Now they're released a streaming iPad application, but it won't stream DVR content, only live TV. Why? Is it a technical limitation? No, it's so they can sell you their $150 Nomad box.

I'm done. Thanks DirecTV, for reminding me how you treat your customers. Our user experience doesn't matter, as long as we're forking over the cash.


----------



## stevel (Aug 23, 2000)

Pretty soon you will get an update for the HR22 that will make it much faster.

As for the streaming, it is probably a licensing issue.


----------



## Raketemensch (Jun 1, 2010)

The licensing already exists, since the Nomad can do it already -- it's just a separate piece of hardware from the same company pushing the same content to the same devices.


----------



## ncted (May 13, 2007)

I am 1 year into my D* contract. I find it just ok, but better than TWC with Navigator or Tivo/SDV/TA nightmare. 

My biggest gripe is the price. For my 2 DVR setup with whole home and Choice, I am paying $90 before rebates which will all expire rather soon. 

I ordered a leaf antenna to gauge reception at my house for OTA. If it works out well, I can get a couple of Tivos and AppleTVs for the price of a few months of D* service.

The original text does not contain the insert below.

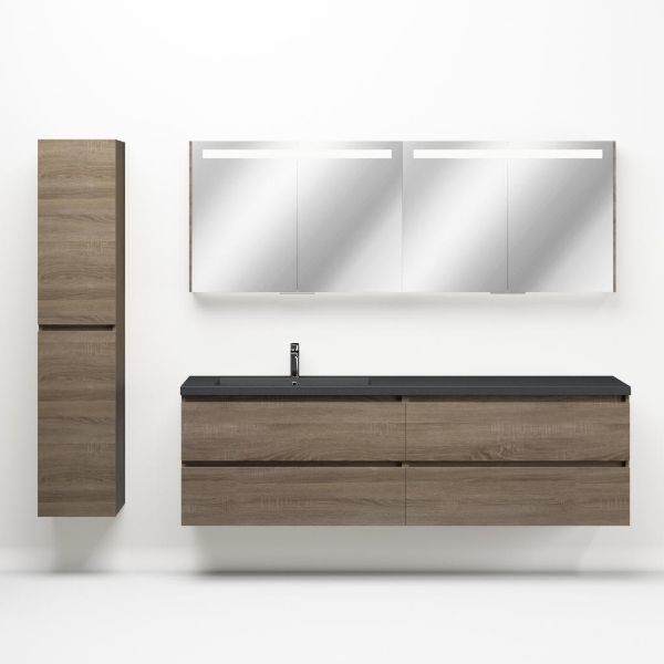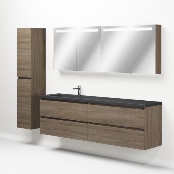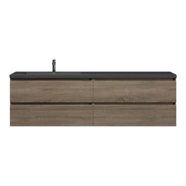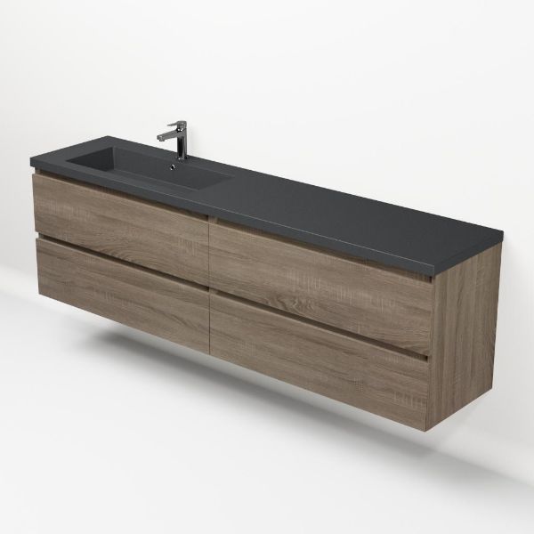 | | Bellanti Elena/Esta-q badmeubel 200x46 4 softclose laden donker eiken greeploos quartz enkele wastafel links mat grijs met 1 kraangat |

I can get all OTA content for free (plus the Tivo service fees if I do not get lifetime) and buy the cable shows on iTunes or Amazon (which I can watch via my BD players) and still save over $500 a year. I just don't see the point of paying such a high price when other options exist.


----------



## newsposter (Aug 18, 2002)

if u need a good UHF i can recommend the DB8, i've had fantastic luck with it for over 5 yrs


----------